Listening means taking the time to think about what we say instead of just reacting, being defensive. We tell our stories because it might help the younger generations of Autistics – their children.

One example:

The IACC, Interagency Autism Coordinating Committee “is a Federal advisory committee that coordinates Federal efforts and provides advice to the Secretary of Health and Human Services on issues related to autism spectrum disorder”.
The committee has 12 Public Members. Only 3 are Autistic. That’s because the parents (except for one) and some of the other members fought hard against Autistic representation, even as Autistics were saying that there should be not only more representation, but also more diversity – like Autistic people of color and non-speaking Autistics.

Recently, during a meeting, those parents complained that there isn’t enough Autistic representation in the IACC. They don’t consider the ONLY 3 Autistics they “allowed” in the committee to be “Autistics enough” because they are “not like their children” (usually meaning that the children have VISIBLE high support needs, or are intellectually disabled, therefore assumed unable to have any thoughts). BUT THEY BLOCKED THOSE AUTISTICS TOO.

Support needs don’t define humanity. We all have support needs, and ableism and normalization are the reason why some of us are disrespected and dehumanized according to which supports we VISIBLY need.
Parents (except for one) and “professionals” in the IACC do not agree with the statement above. To them, their children are barely human and cannot learn or grow. Never. They will not even try and encourage self-determination.

This is bad advocacy. This is bad parenting.
Parents telling their children that, if their needs are visible, they better not try to speak up.
Parents telling their children that if someone values them, that they should ignore it.
Parents telling the world that their children don’t deserve to be heard, that their story doesn’t matter.

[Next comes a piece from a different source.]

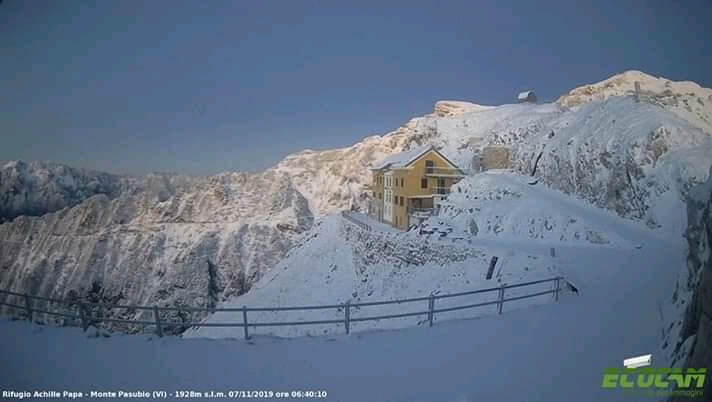 La neve che ieri scendeva lieve stanotte ha accelerato la sua caduta e dal Carega al Pasunio stamattina le webcam live offrono questo spettacolo impareggiabile: le foto stanno già facendo il giro del web.

In case you don’t know, one of those parents who is part of the IACC Public Members is Alison Singer, the woman who said, on camera, about her fantasy of murdering her Autistic daughter. She said that while the daughter was in the room. She told the world that only her other (non-autistic) daughter had a life worth living.

A member of an agency that advises the government on issues related to autism doesn’t care if her own Autistic daughter lives, and even seems to prefer that she dies. This is a person who advises the government about issues related to autism.